That approach is “nonsensical” because Twitter “created and now dominates the microblogging space,” he pointed out, and the slowing growth indicates market saturation rather than failure.
Nevertheless, Twitter’s stock price reportedly was down by 50.7 percent from a year ago, as of Monday, lagging the S&P 500 index.
Although TheStreet rated Twitter stock a sell, that analysis “is formulaic and doesn’t take into account Twitter’s unique status,” suggested Crabtree’s Randall.
The company’s revenue grew 61 percent year over year, and it has 7 percent operating cash flow margins, he pointed out, “a problem a lot of other public companies would love to have.” Also, Twitter has twice as much cash as debt.
Follow the Money
Twitter’s main problem is monetization, Frost’s Jude told the E-Commerce Times.
“How do you monetize short text sound bites?” Jude asked. “At some point, there will have to be some sort of pay-to-play arrangement, either through acceptance of advertising or personal information sharing for the purposes of advertising, but that might not sit well with subscribers.”

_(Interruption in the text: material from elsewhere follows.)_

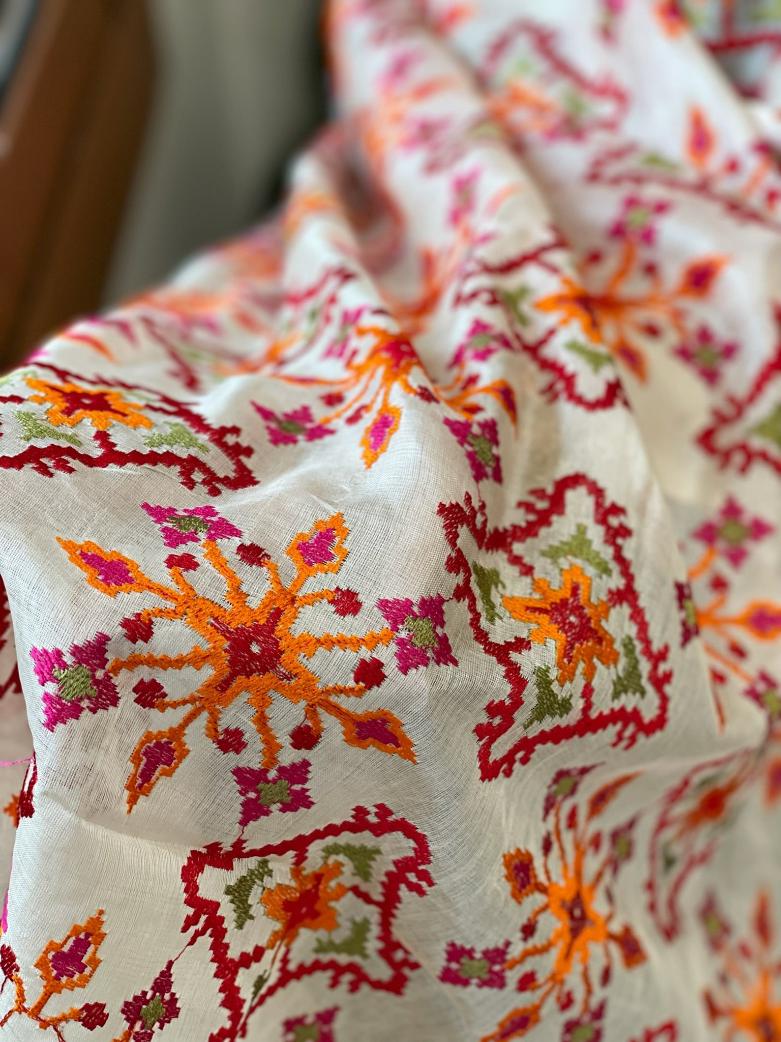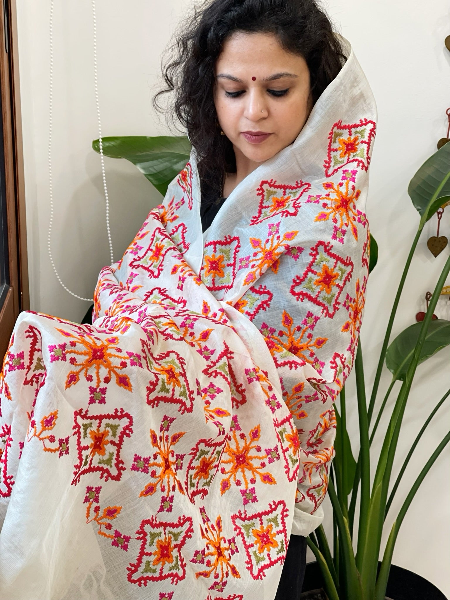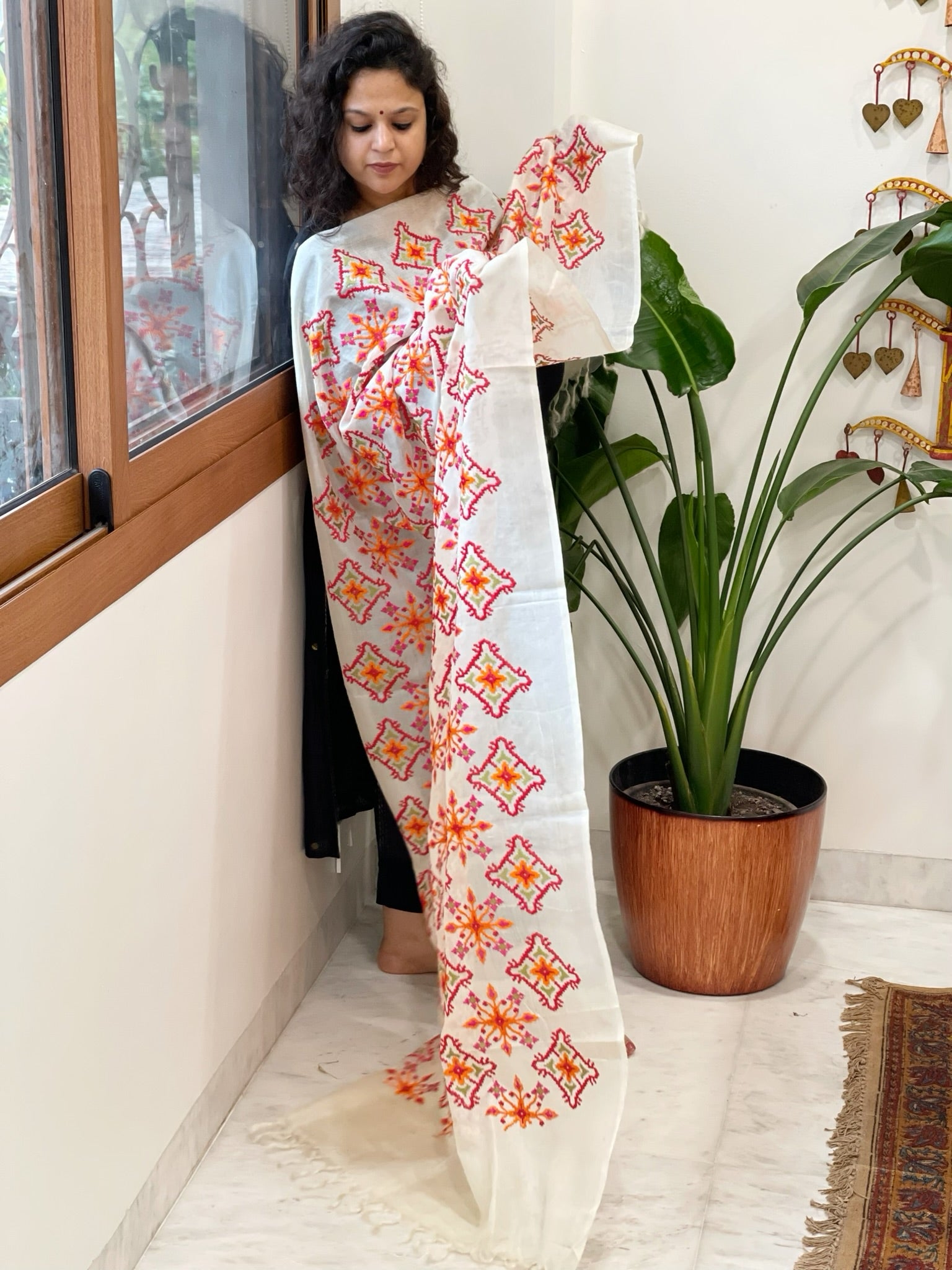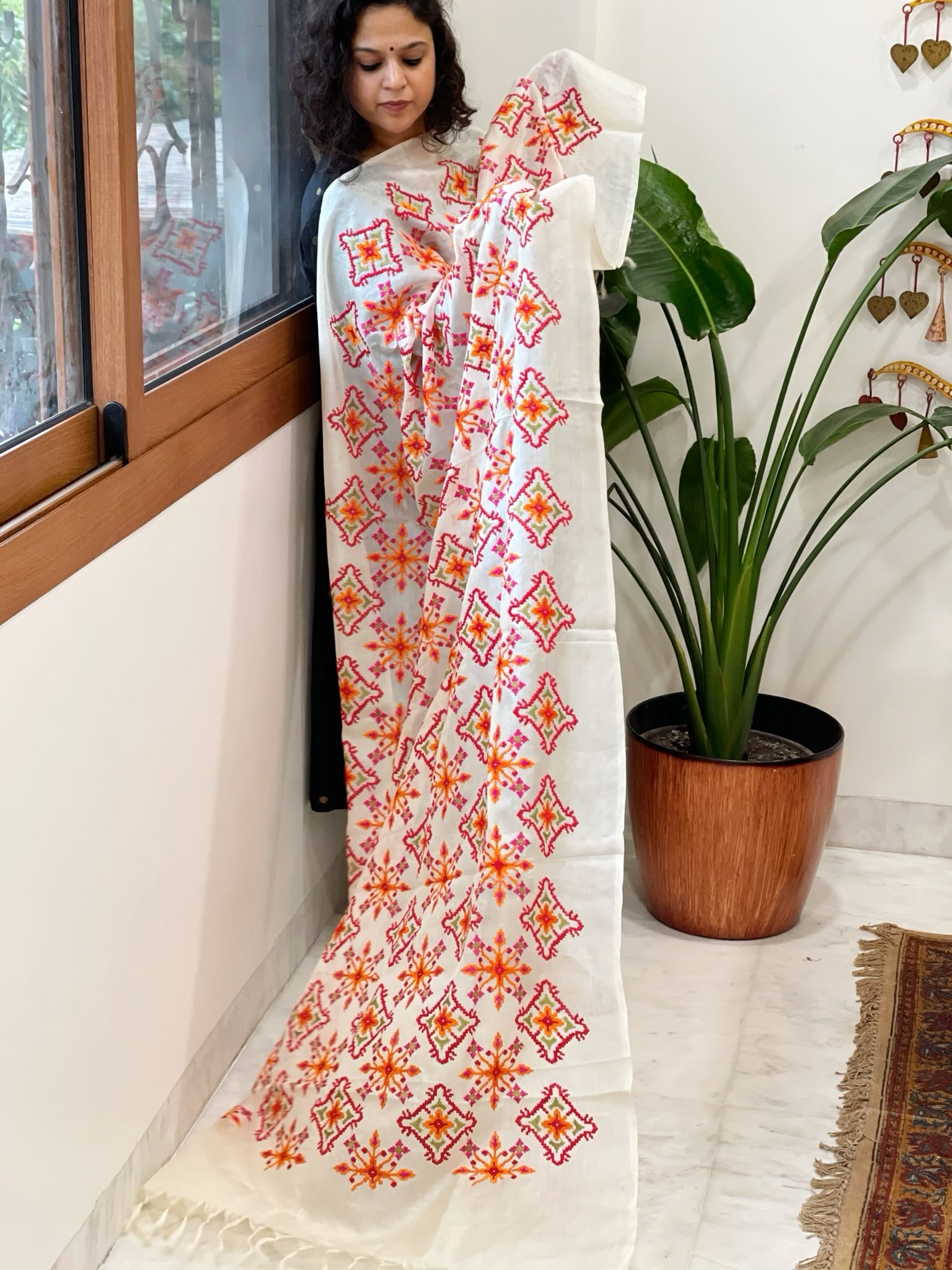 Elevate your ensemble with this Pure Tussar Silk dupatta featuring intricate Thread Jaal embroidery. Handcrafted from natural tussar silk, it offers a rich texture and subtle sheen, while the detailed thread work adds timeless elegance.

Further, there are mounting suspicions that Twitter’s subscription figures are “highly gamed — lots of fake subscribers, for example,” which has begun eroding confidence among advertisers and politicians who want to use Twitter, Jude pointed out.
There Can Be Only One
Meanwhile Square, which is gearing up for an IPO, is facing stiff competition from the likes of PayPal and Intuit and a host of other players, Jude said.
“One could argue that [Dorsey] is taking on two very demanding jobs, either of which would fully consume a regular CEO,” he said.
Twitter is a publicly traded company, and “there’s a significant opportunity for lawsuits if he’s not successful,” Jude pointed out. Shareholders “would argue that his split loyalty violated his fiduciary responsibility to the corporation, and they would be right.”